'''

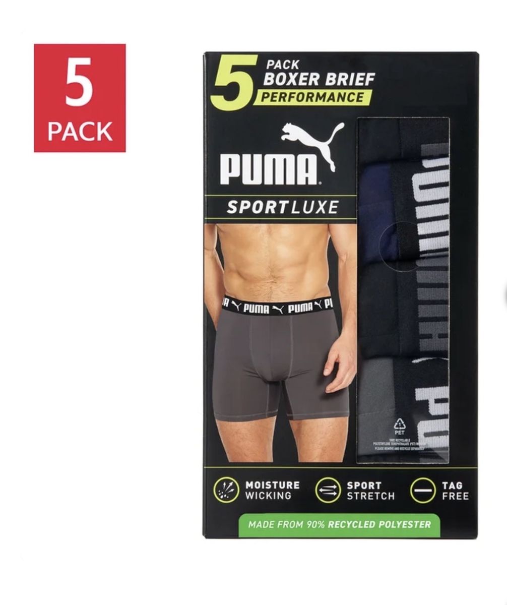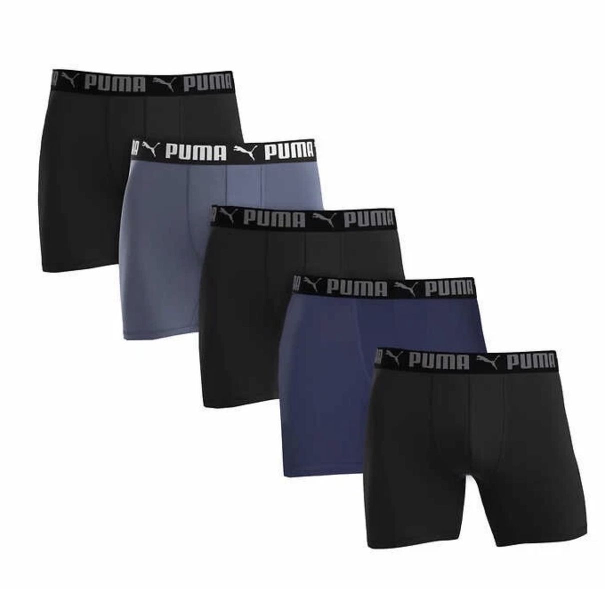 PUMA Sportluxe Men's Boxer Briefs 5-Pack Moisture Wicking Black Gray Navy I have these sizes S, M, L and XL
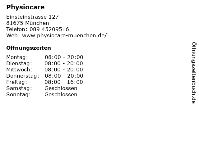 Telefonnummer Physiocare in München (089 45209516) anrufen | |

'''
'''

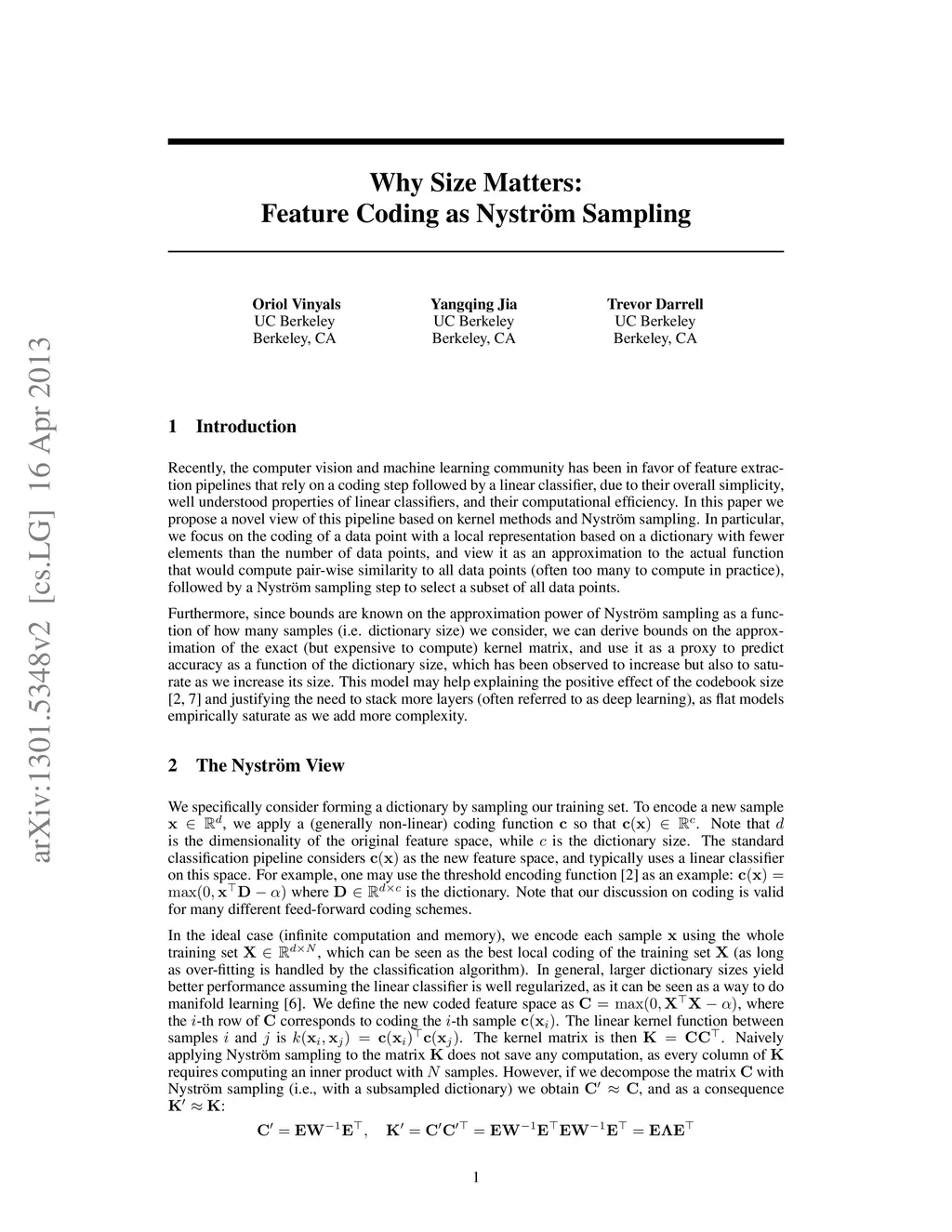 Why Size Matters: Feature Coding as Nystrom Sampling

'''

▶ **EXERCISE BRIEF**: Nothing but the lines from the one with "PUMA Sportluxe Men's" up to and including the one with "Telefonnummer Physiocare in" should be printed, exactly as they read above. Please keep the pictures out.

▶ **REPLY TO THE EXERCISE**:
 PUMA Sportluxe Men's Boxer Briefs 5-Pack Moisture Wicking Black Gray Navy I have these sizes S, M, L and XL
 Telefonnummer Physiocare in München (089 45209516) anrufen | |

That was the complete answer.